A step closer to rollable, foldable e-Devices 2nd November 2012 The next generation of electronic displays is a step closer thanks to research from the University of Cincinnati.
Advances that will eventually bring foldable/rollable e-devices, as well as no pixel borders have been experimentally verified and proven to work in concept at UC's Novel Devices Laboratory. The research was published this week in the journal Nature Communications. The study, "Bright e-Paper by Transport of Ink through a White Electrofluidic Imaging Film" is authored by Matthew Hagedon, Shu Yang and Ann Russell, as well as Jason Heikenfeld, associate professor of electronic and computing systems. UC worked on this research with start-up company Gamma Dynamics. Electrofluidic imaging film One challenge in creating foldable e-Paper devices has been the device screen, which is currently made of rigid glass. But what if the screen were a paper-thin plastic that rolled like a window shade? You'd have a device like an iPad that could be folded or rolled up repeatedly – even tens of thousands of times. The research this week experimentally verifies that such a screen of paper-thin plastic, referred to as "electrofluidic imaging film," actually works. The breakthrough is a white, porous film coated with a thin layer of reflective electrodes and spacers. These are subjected to unique and sophisticated fluid mechanics in order to electrically transport the coloured ink and clear-oil fluids (text, images, video) of electronic devices. According to UC's Hagedon, "This is the first of any type of electro-wetting display that can be made as a simple film that you laminate onto a sheet of controlling electronics. Manufacturers prefer this approach compared to having to build up the pixels themselves within their devices, layer by layer, material by material. Our proof-of-concept breakthrough takes us a step closer to brighter, colour-video e-Paper and the Holy Grail of rollable/foldable displays."
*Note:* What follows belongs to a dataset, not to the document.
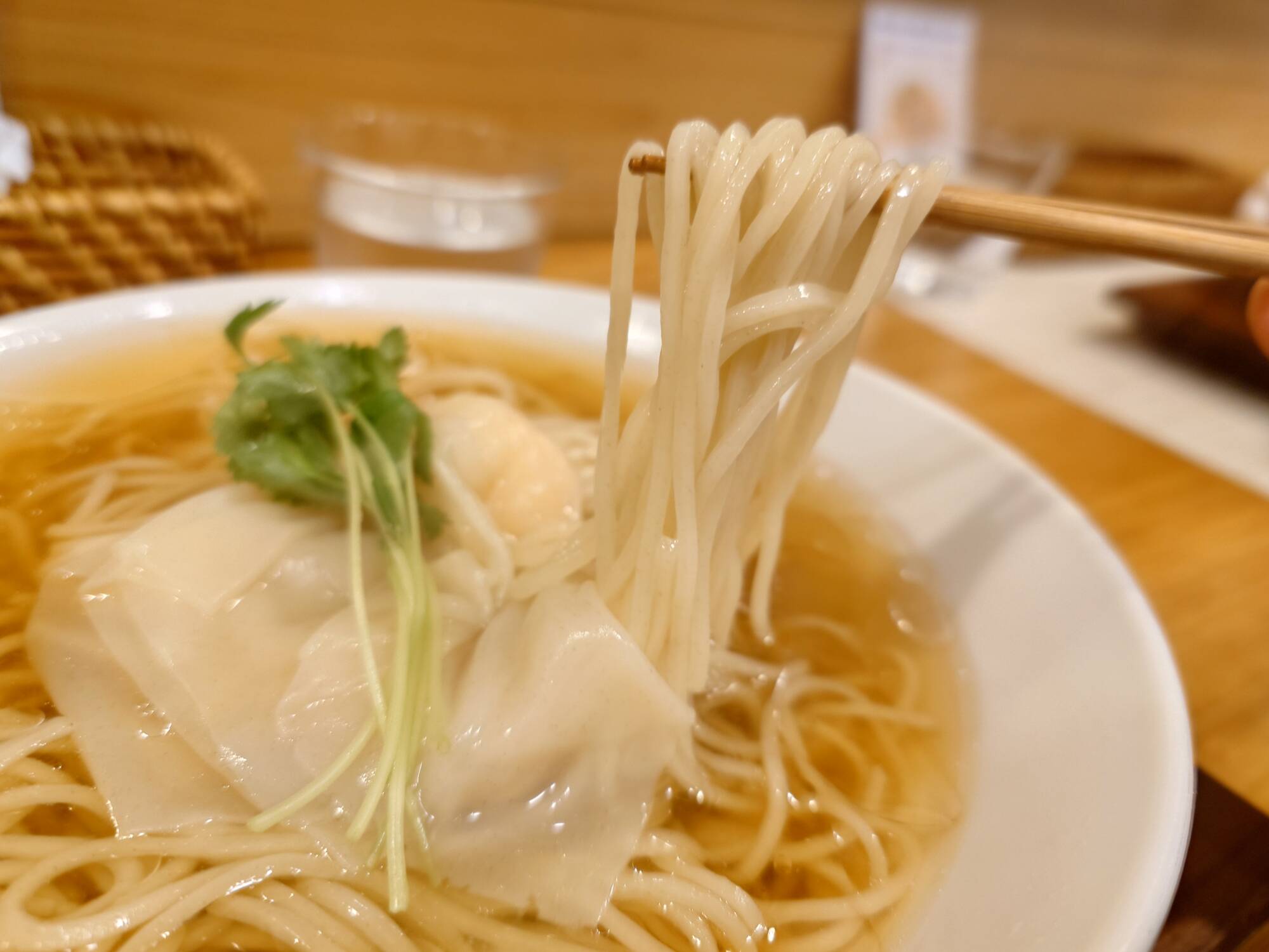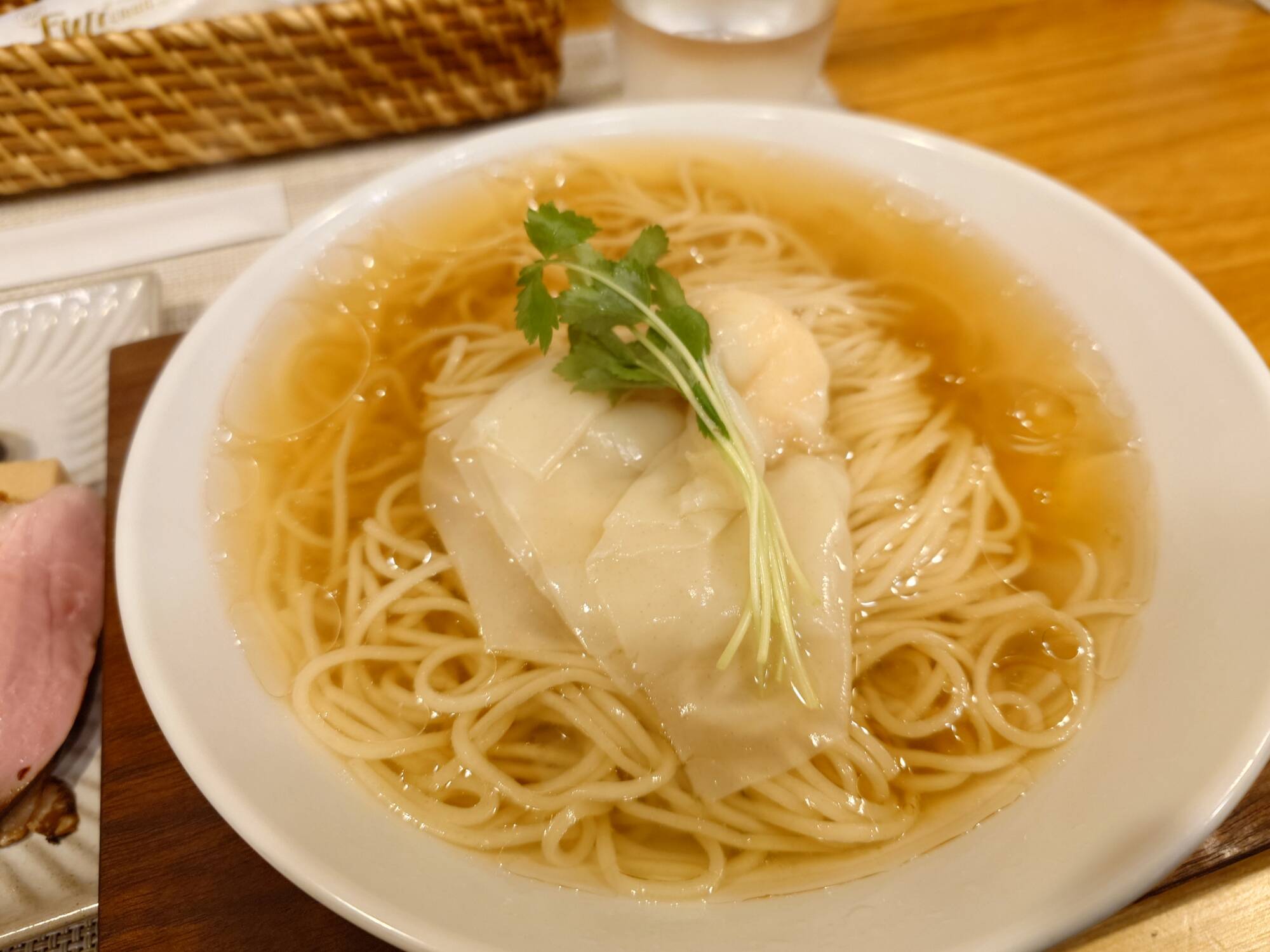 ラーメンの上にはワンタンと三つ葉だけが乗っています。

No pixel borders Importantly, this paper-thin plastic screen developed at UC is the first among all types of fluidic displays that has no pixel borders. In current technology, colours maintain their image-forming distinctiveness by means of what are known as "pixel borders." Each individual pixel that helps to comprise the image necessary for text, photographs, video and other content maintains its distinct colour and does not "bleed" over into the next pixel or colour due to a pixel border. In other words, each individual pixel of colour has a border around it (invisible to the eye of the consumer) to maintain its colour distinctiveness. This matters, because pixel borders are "dead areas" that dull any display of information, whether a display of text or image. Leading electronics companies have been seeking ways to reduce or eliminate pixel borders in order to increase display brightness. UC's Heikenfeld: "For example, the pixel border in current electrowetting displays, which prevents ink merging, takes up a sizable portion of the pixel. This is now resolved with our electrofluidic film breakthrough. Furthermore, our breakthrough provides extraordinary capability to hide the ink when you don't want to see it, which further cranks up the available brightness and colour of the display when you do want to see it. With a single, new technology, we have simplified manufacturability and improved screen brightness."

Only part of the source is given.